Good research design commonly involves a precarious balance between too much and too little.  Most social phenomena of interest involve a complex interplay between actors, processes, structures, and expectations over time.  Good theory depends on a selective abstraction from the complexities of life as experienced to create a simplified but telling model of decisive facets.  Good research must similarly pursue a selective view of reality, focused on a limited set of causal relations that are sufficient to make sense of some phenomena we wish to understand, without losing us in irrelevant details or  misleading us by leaving out things that are important.  Being able to think clearly about the relationships among multiple facets of a theoretical model is the mirror of thinking clearly about the possible relationships among multiple variables in a research design and a data analysis.  Hypothetical models of the possible relationships between social phenomena give us the goals for our research design while analyzing the patterns found in our data give us the insights to adjust our models. 

12.   The Art of a Critical Manuscript Review.
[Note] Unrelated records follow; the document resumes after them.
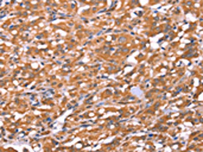 The image on the left is immunohistochemistry of paraffin-embedded Human gastric cancer tissue using CSB-PA023220(FAM13B Antibody) at dilution 1/20, on the right is treated with synthetic peptide. (Original magnification: ×200)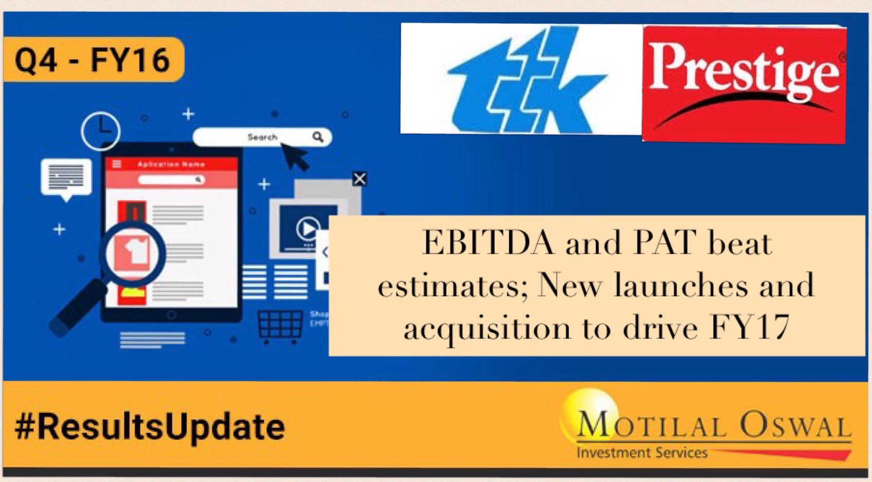 TTK Prestige : EBITDA and PAT beat estimates; New launches and acquisition to drive FY17 Report from Motilal Oswal Financial Services https://goo.gl/2zWX27 https://goo.gl/2zWX27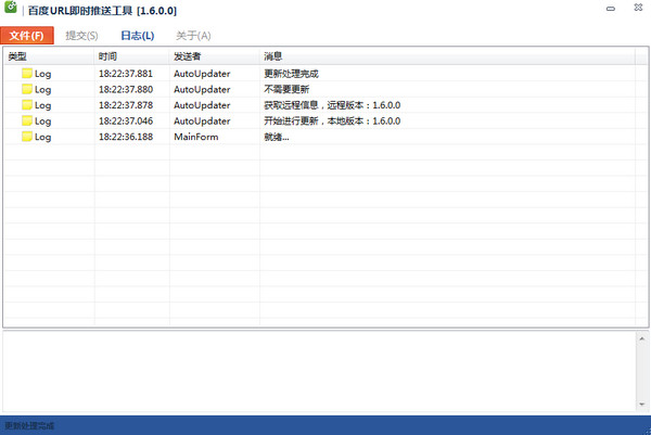 百度url即时推送工具是一款人气百度url即时推送小工具。该工具不仅小巧绿色,还可以帮助用户快速将网页推送给百度,也许运气好,百度一分钟即可收录提交的网页。百度url即时推送工具可以帮助用户快速将百度没有收录的、或者是新做的页面百度未抓取的方便的提交给百度的的url批量提交工具。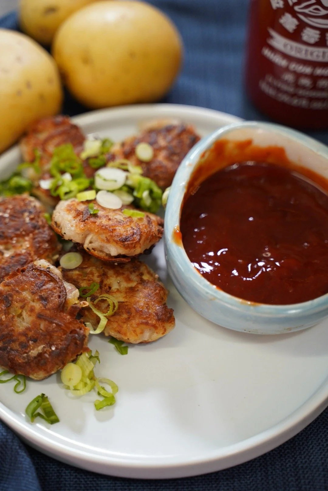 For the dipping sauce, we are keeping it simple with this one! Soy sauce and ketchup bring umami, salt, and sweetness, with the sriracha adding a note of spiciness. Add all the ingredients to a bowl and mix until combined. Also, HEB has the best ketchup.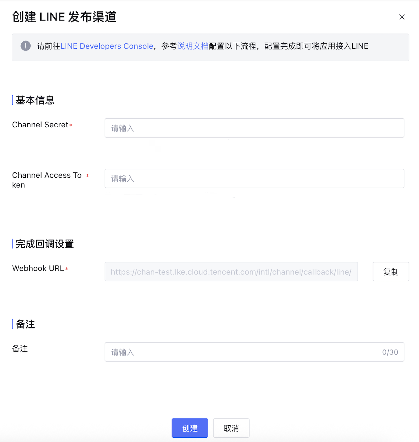 步骤二:创建 LINE 发布渠道
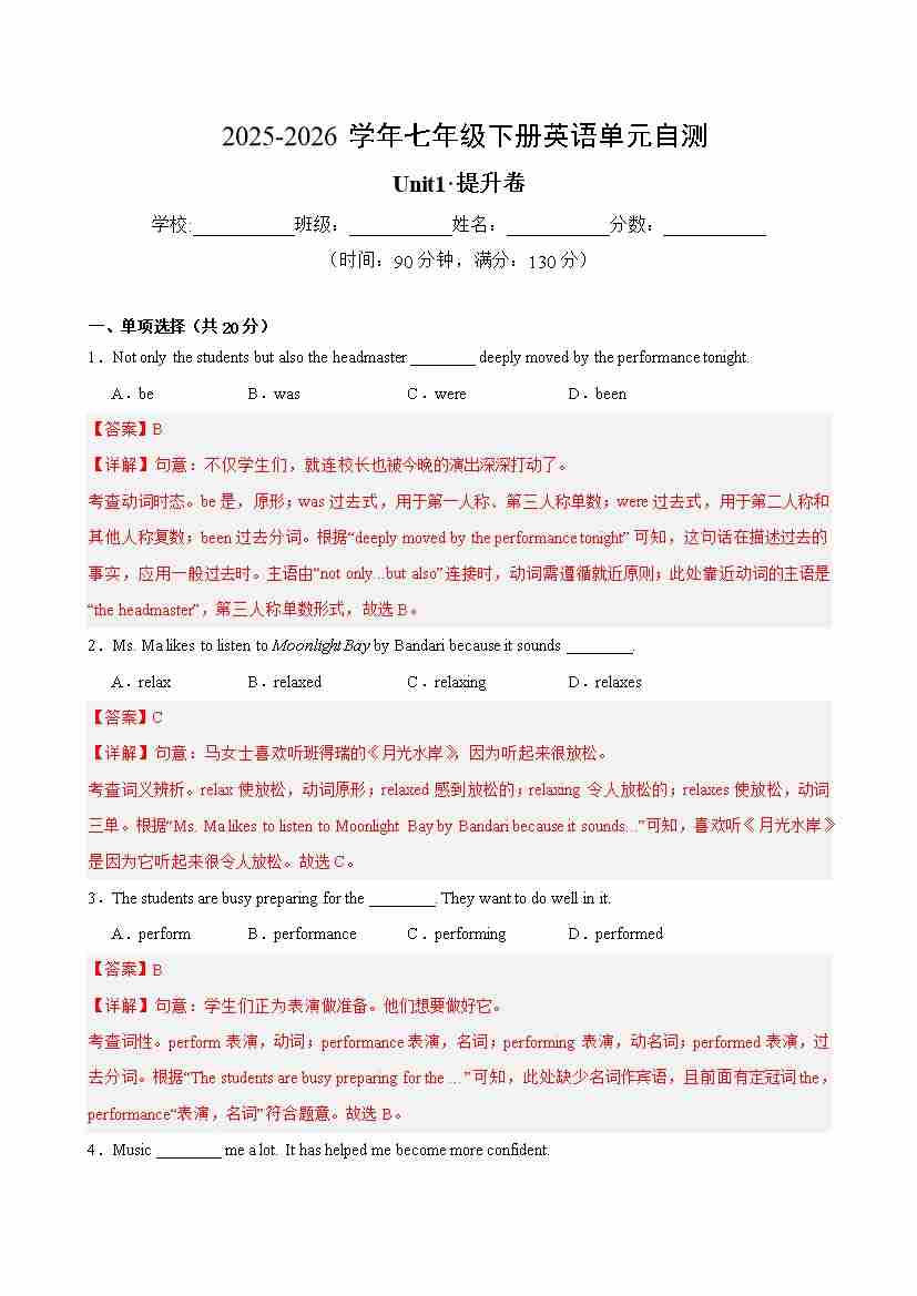 首页 > 全部 > 单元提升卷 > 七年级英语下册沪教54Unit1单元自测·提升卷(解析版)

Every professional involved in social research must be prepared to give and receive critical reviews.  The standards for critical reviews are high.  A good review needs to identify the important limitations of the work under review as well as recognize its potential contribution.  The measure of weaknesses and strengths are the standards and existing knowledge in the field.  A review that overlooks significant shortcomings or fails to notice possible contributions is seriously flawed.  
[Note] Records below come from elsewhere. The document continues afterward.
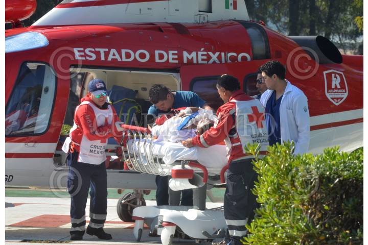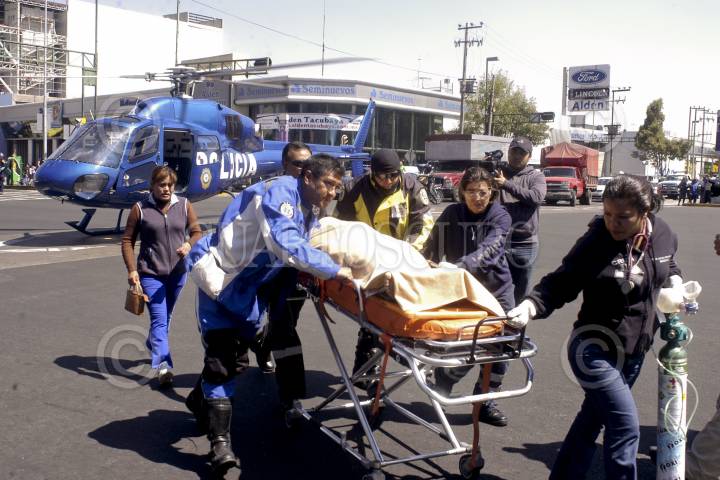 MÉXICO, D.F., 27OCTUBRE2011.- Una joven menor de edad fue trasladada en Helicóptero al Hospital Infantil de Tacubaya con quemaduras graves en un helicóptero del agrupamiento Condor que decendio en la colonia Cuautepec de la delegación Guastavo A. Madero. FOTO: LUIS CARBAYO/CUARTOSCURO.COM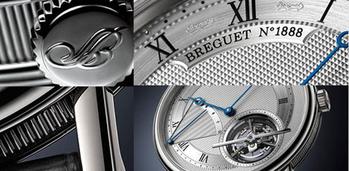 宝玑的六大象征:1.精美脱俗的手工镌刻表盘;2.镂空偏心月形蓝钢指针;3. 独立焊接式表耳;4. 双排串珠形表框坑纹;5. 独一无二的生产编号;6. 只有在光线以斜角照射时才会显现出的隐匿签名。这些象征代表了宝玑的传统,更向收藏家提供了不可雄辩的真伪证明。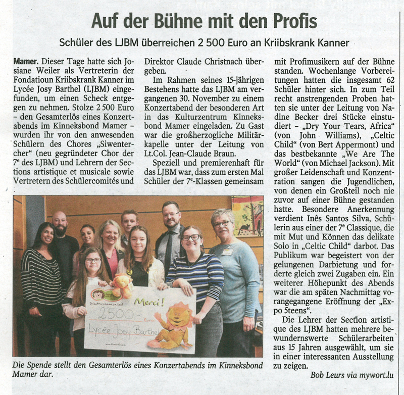 Article Luxemburger Wort du 26/03/2019 15 Joer LJBM, dat ass een Evenement, dat gefeiert gi muss, a bitt zudeem eng Geleeënheet, ee Bléck zeréck ze werfen. An deem Sënn si mir frou a stolz, Iech konnten den Owend vum 30. …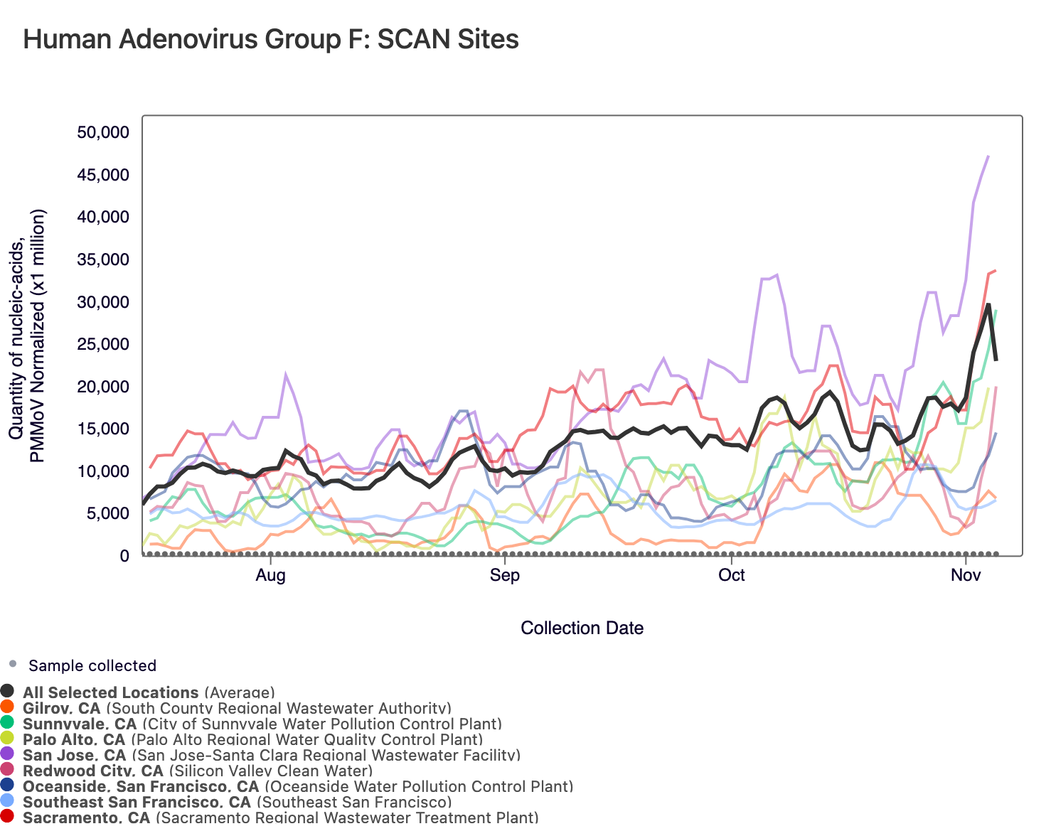 Human Adenovirus Group F DNA concentrations are shown in the chart below; all the SCAN plants are shown together. The population weighted average line is shown in black. You can interact with the chart of all the plants here.

13. Sources of Error. Where do we go wrong? How do we minimize, reveal, and overcome errors?

All research efforts produce mistakes.  Research is difficult and complex.  We are flawed and error prone.  A strategy that relies strictly on avoiding mistakes will fail, because it impedes recognition and correction of errors more than it prevents mistakes. 

14 & 15.  Research is an ethical issue.  (& Class Presentations of Research Proposals.)

The professional who conducts social research is a scientist, and we expect scientists to conform to ethical codes. In academic environments (and many non-profit research organizations), this is made salient to social scientists by the requirement that research must be approved by institutional review boards (IRBs), that try to ensure we do not mistreat people. Other ethical concerns, such as selectively presenting only research findings that support the researcher's argument, are all too often neglected. Only when someone is exposed as flagrantly violating rules, such as inventing the data, do our ethics get much recognition (and even then, social scientists commonly cope with the issue as one of public perception). The misuse of social science in public controversies has led many to believe that we can always manipulate the numbers to match our argument. Every time social scientists bend the rules - and this happens with embarrassing regularity - we contribute to the erosion of trust in social scientists ... by the public, by decision makers, and by other scientists. Without integrity, we become known as modern alchemists, practicing pseudo-science.